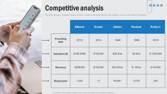 This slide represents competitor analysis footwear company showcasing founding date, valuation, revenue and number of employees. Want to ace your presentation in front of a live audience Our Competitive Analysis Footwear Company Funding Elevator Pitch Deck Professional Pdf can help you do that by engaging all the users towards you. Slidegeeks experts have put their efforts and expertise into creating these impeccable powerpoint presentations so that you can communicate your ideas clearly. Moreover, all the templates are customizable, and easy-to-edit and downloadable. Use these for both personal and commercial use. This slide represents competitor analysis footwear company showcasing founding date, valuation, revenue and number of employees.
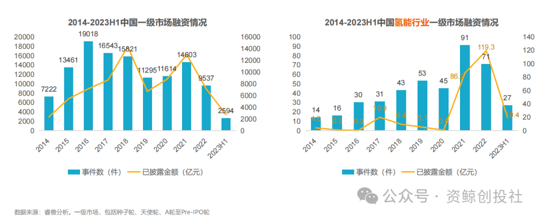 根据睿兽分析统计,截至2023年6月30日,国内氢能行业有240余家企业获得融资,涉及融资事件471件、融资金额284亿元,参与机构超过300家。2021年中国氢能行业一级市场融资事件数量91件,同比增长102.2%,融资金额86.2亿元,实现大幅度提升;2022年中国氢能行业融资事件71件,同比下降22.2%,融资金额119.3亿元,同比增长38.4%。
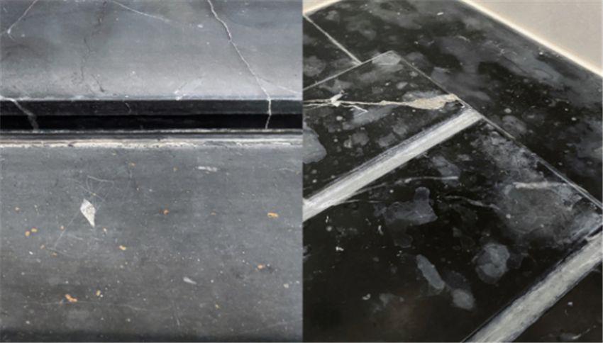 大理石渗色、吸水严重,长期在潮湿的环境下,肯定会堆积水垢;
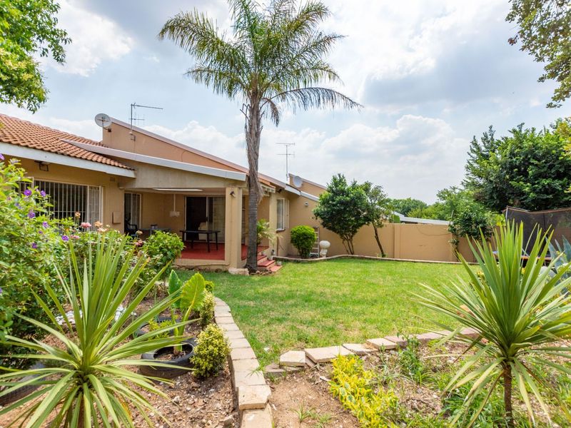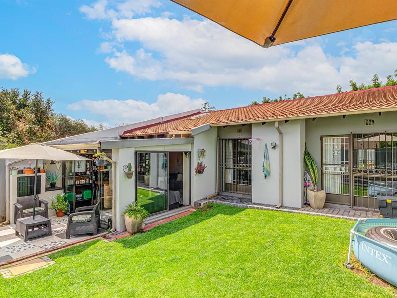 Serene, secure estate living with quick access to Bryanston schools, shops and country club. Private irrigated garden and covered patio; three bedrooms plus flexible fourth, two bathrooms.
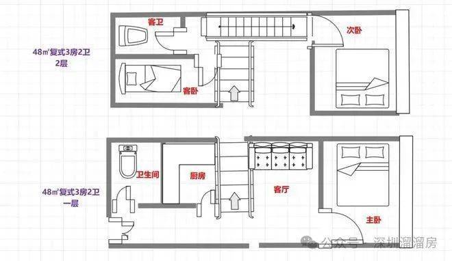 48㎡㎡3房2卫
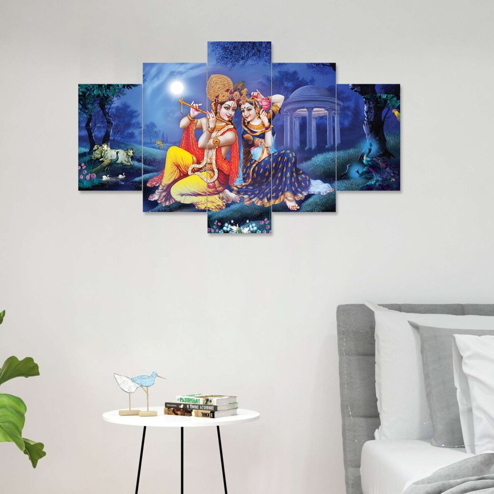 Radhe Krishna Set of Five 3D Framed Paintings for Wall Decoration – Ideal for Home, Living Room, and Bedroom (75 x 43 CM)
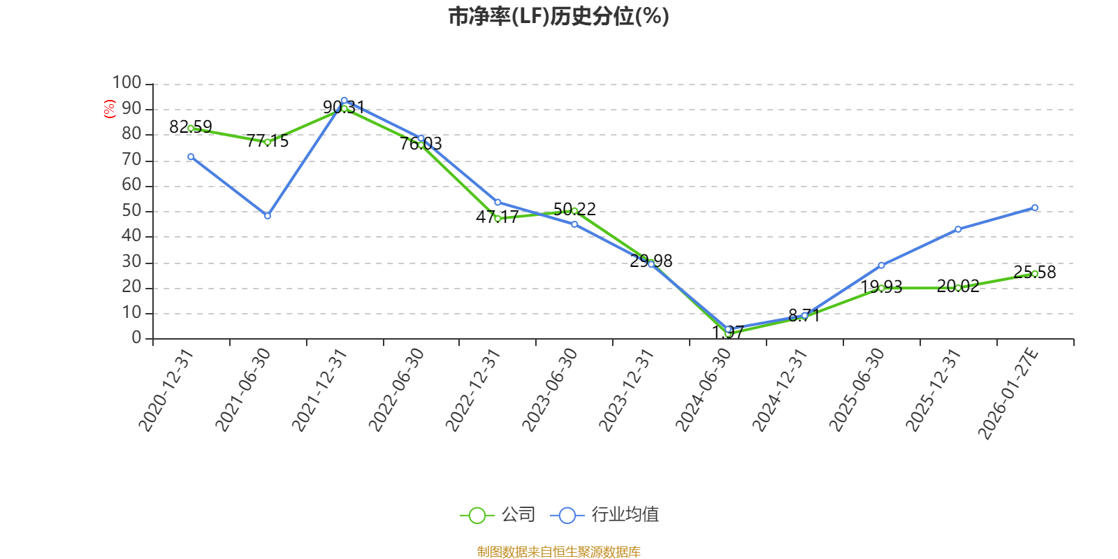 市盈率、市净率为负时,不显示当期分位数,会导致折线图中断。
--------------------------------------------------
→ TASK TO COMPLETE
The answer should match the data above word for word, with no pictures in it.

→ PROBLEM SOLUTION
 This slide represents competitor analysis footwear company showcasing founding date, valuation, revenue and number of employees. Want to ace your presentation in front of a live audience Our Competitive Analysis Footwear Company Funding Elevator Pitch Deck Professional Pdf can help you do that by engaging all the users towards you. Slidegeeks experts have put their efforts and expertise into creating these impeccable powerpoint presentations so that you can communicate your ideas clearly. Moreover, all the templates are customizable, and easy-to-edit and downloadable. Use these for both personal and commercial use. This slide represents competitor analysis footwear company showcasing founding date, valuation, revenue and number of employees.
 根据睿兽分析统计,截至2023年6月30日,国内氢能行业有240余家企业获得融资,涉及融资事件471件、融资金额284亿元,参与机构超过300家。2021年中国氢能行业一级市场融资事件数量91件,同比增长102.2%,融资金额86.2亿元,实现大幅度提升;2022年中国氢能行业融资事件71件,同比下降22.2%,融资金额119.3亿元,同比增长38.4%。
 大理石渗色、吸水严重,长期在潮湿的环境下,肯定会堆积水垢;
 Serene, secure estate living with quick access to Bryanston schools, shops and country club. Private irrigated garden and covered patio; three bedrooms plus flexible fourth, two bathrooms.
 48㎡㎡3房2卫
 Radhe Krishna Set of Five 3D Framed Paintings for Wall Decoration – Ideal for Home, Living Room, and Bedroom (75 x 43 CM)
 市盈率、市净率为负时,不显示当期分位数,会导致折线图中断。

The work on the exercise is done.